Exercise requirements: Would you return exactly the lines below from the line with "Black shirt from" through the line with "IIT JAM 2011", both included, and nothing else, leaving out the pictures?

Data:
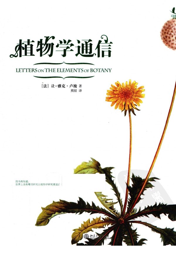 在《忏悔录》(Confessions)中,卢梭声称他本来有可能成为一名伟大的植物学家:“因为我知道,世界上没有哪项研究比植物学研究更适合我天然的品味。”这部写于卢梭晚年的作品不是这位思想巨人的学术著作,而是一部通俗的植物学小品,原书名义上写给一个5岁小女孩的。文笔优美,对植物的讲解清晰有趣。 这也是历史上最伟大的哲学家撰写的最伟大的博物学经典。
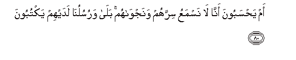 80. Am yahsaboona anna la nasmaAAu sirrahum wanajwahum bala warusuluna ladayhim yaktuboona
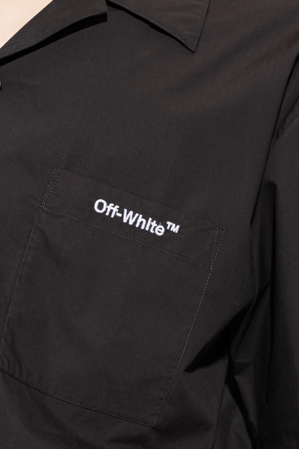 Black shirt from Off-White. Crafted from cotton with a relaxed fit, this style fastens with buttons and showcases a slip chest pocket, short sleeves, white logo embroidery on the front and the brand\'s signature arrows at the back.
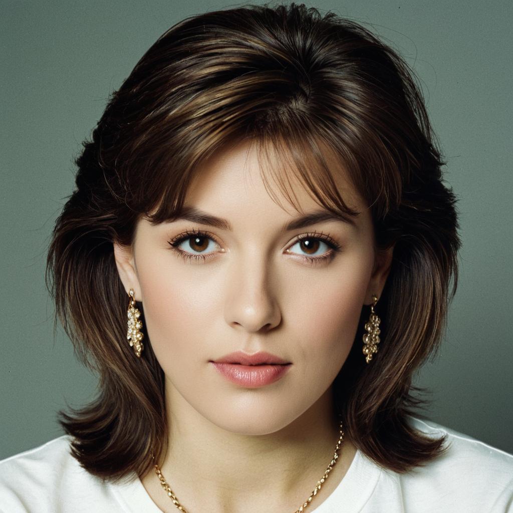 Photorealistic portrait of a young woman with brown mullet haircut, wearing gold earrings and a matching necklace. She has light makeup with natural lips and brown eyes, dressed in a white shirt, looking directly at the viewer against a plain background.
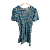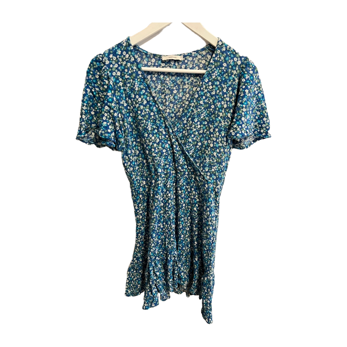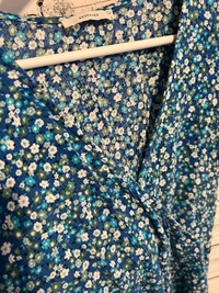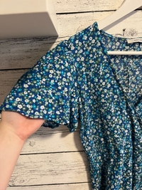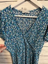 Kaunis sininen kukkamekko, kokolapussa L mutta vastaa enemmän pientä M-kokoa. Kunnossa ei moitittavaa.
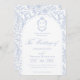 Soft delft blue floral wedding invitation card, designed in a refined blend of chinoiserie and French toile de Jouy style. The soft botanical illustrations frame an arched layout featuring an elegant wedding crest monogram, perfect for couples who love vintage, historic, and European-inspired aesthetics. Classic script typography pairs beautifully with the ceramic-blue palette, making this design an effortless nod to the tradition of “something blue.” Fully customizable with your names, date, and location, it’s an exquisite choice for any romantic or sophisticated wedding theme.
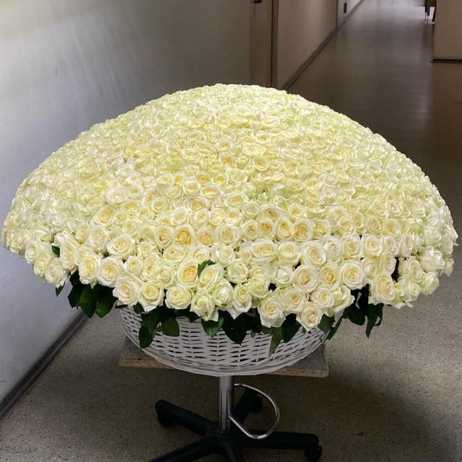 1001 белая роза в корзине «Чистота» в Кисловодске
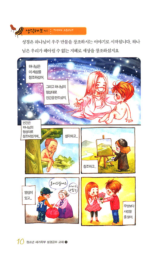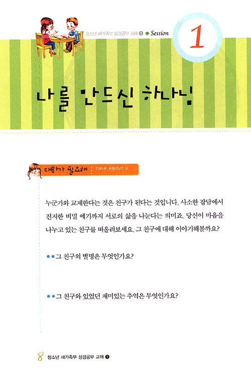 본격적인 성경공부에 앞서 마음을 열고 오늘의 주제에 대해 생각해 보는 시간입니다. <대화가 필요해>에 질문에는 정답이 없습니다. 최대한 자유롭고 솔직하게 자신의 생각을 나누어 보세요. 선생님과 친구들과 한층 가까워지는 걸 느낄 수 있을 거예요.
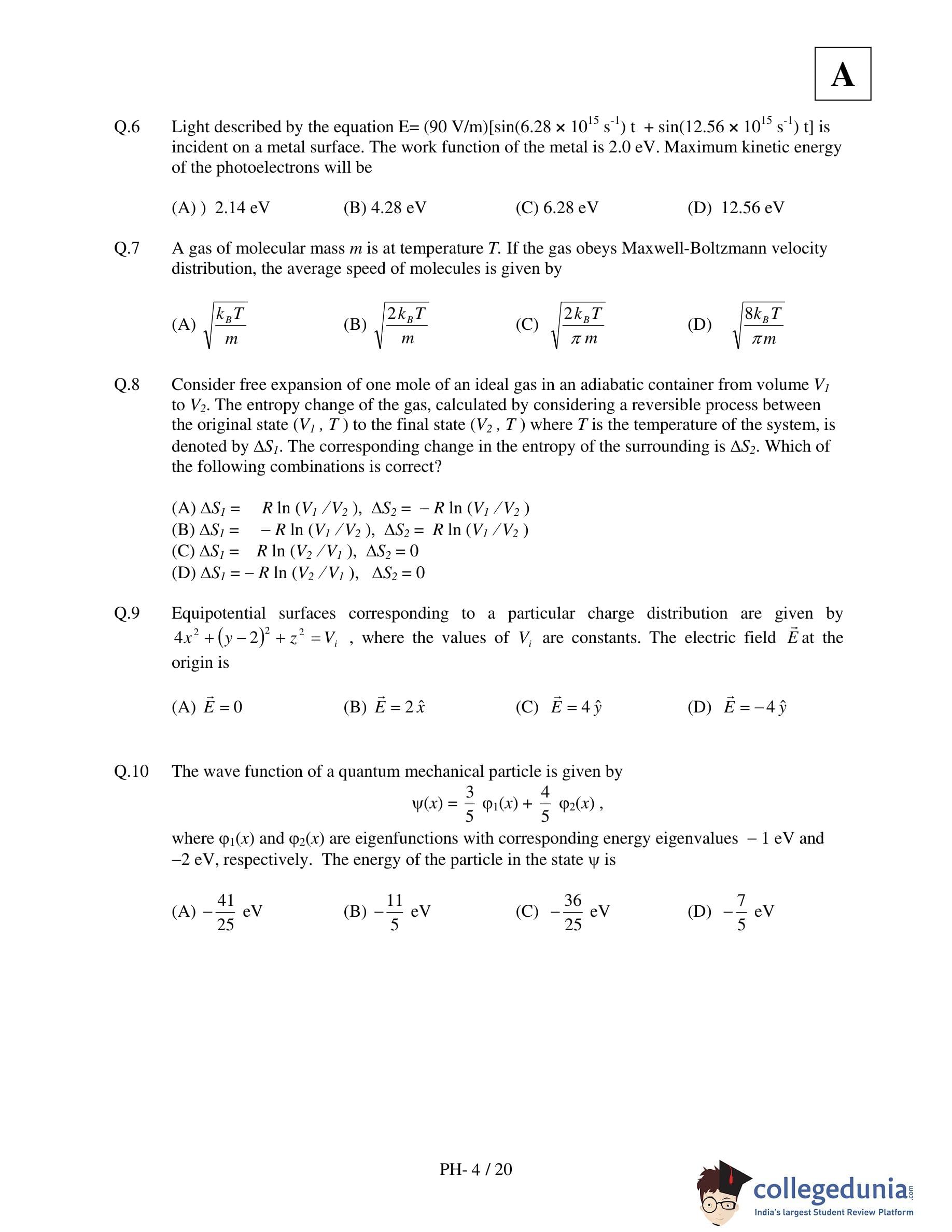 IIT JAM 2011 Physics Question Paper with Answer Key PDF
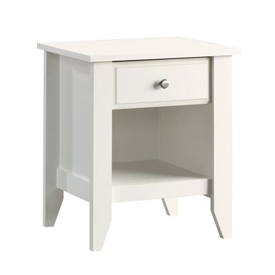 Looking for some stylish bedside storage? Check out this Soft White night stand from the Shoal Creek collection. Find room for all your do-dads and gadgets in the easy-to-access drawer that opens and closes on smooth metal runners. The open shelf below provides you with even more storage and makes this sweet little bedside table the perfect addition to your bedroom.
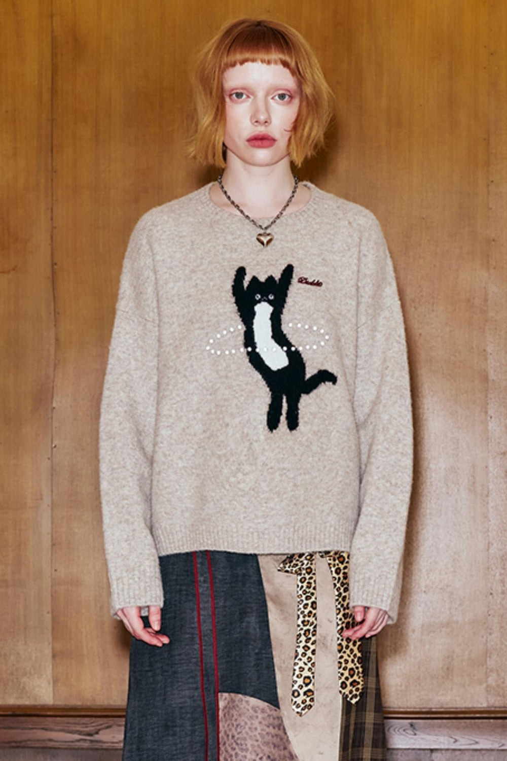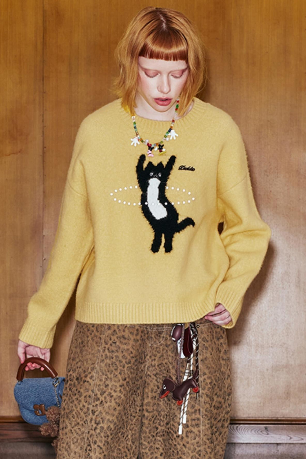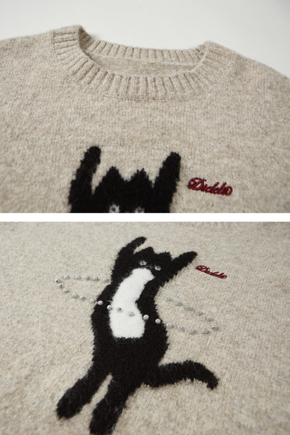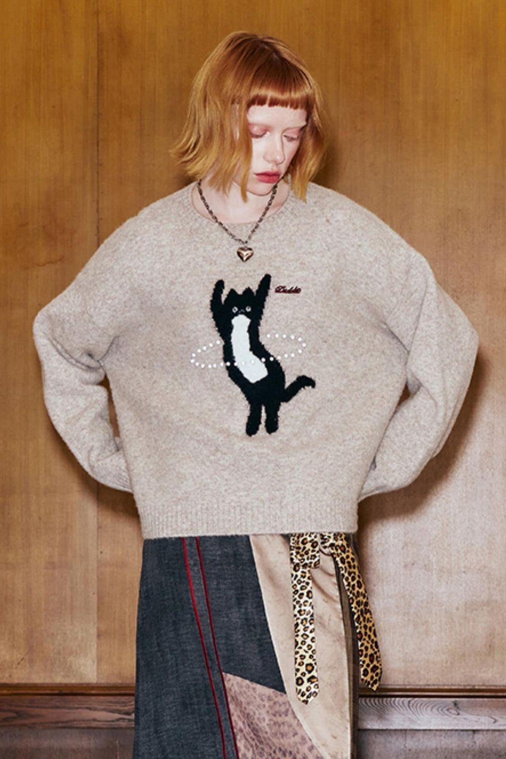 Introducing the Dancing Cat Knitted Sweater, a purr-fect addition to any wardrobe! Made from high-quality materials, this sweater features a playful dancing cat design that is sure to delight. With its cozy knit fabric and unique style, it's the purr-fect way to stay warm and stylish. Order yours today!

Written response:
 Black shirt from Off-White. Crafted from cotton with a relaxed fit, this style fastens with buttons and showcases a slip chest pocket, short sleeves, white logo embroidery on the front and the brand\'s signature arrows at the back.
 Photorealistic portrait of a young woman with brown mullet haircut, wearing gold earrings and a matching necklace. She has light makeup with natural lips and brown eyes, dressed in a white shirt, looking directly at the viewer against a plain background.
 Kaunis sininen kukkamekko, kokolapussa L mutta vastaa enemmän pientä M-kokoa. Kunnossa ei moitittavaa.
 Soft delft blue floral wedding invitation card, designed in a refined blend of chinoiserie and French toile de Jouy style. The soft botanical illustrations frame an arched layout featuring an elegant wedding crest monogram, perfect for couples who love vintage, historic, and European-inspired aesthetics. Classic script typography pairs beautifully with the ceramic-blue palette, making this design an effortless nod to the tradition of “something blue.” Fully customizable with your names, date, and location, it’s an exquisite choice for any romantic or sophisticated wedding theme.
 1001 белая роза в корзине «Чистота» в Кисловодске
 본격적인 성경공부에 앞서 마음을 열고 오늘의 주제에 대해 생각해 보는 시간입니다. <대화가 필요해>에 질문에는 정답이 없습니다. 최대한 자유롭고 솔직하게 자신의 생각을 나누어 보세요. 선생님과 친구들과 한층 가까워지는 걸 느낄 수 있을 거예요.
 IIT JAM 2011 Physics Question Paper with Answer Key PDF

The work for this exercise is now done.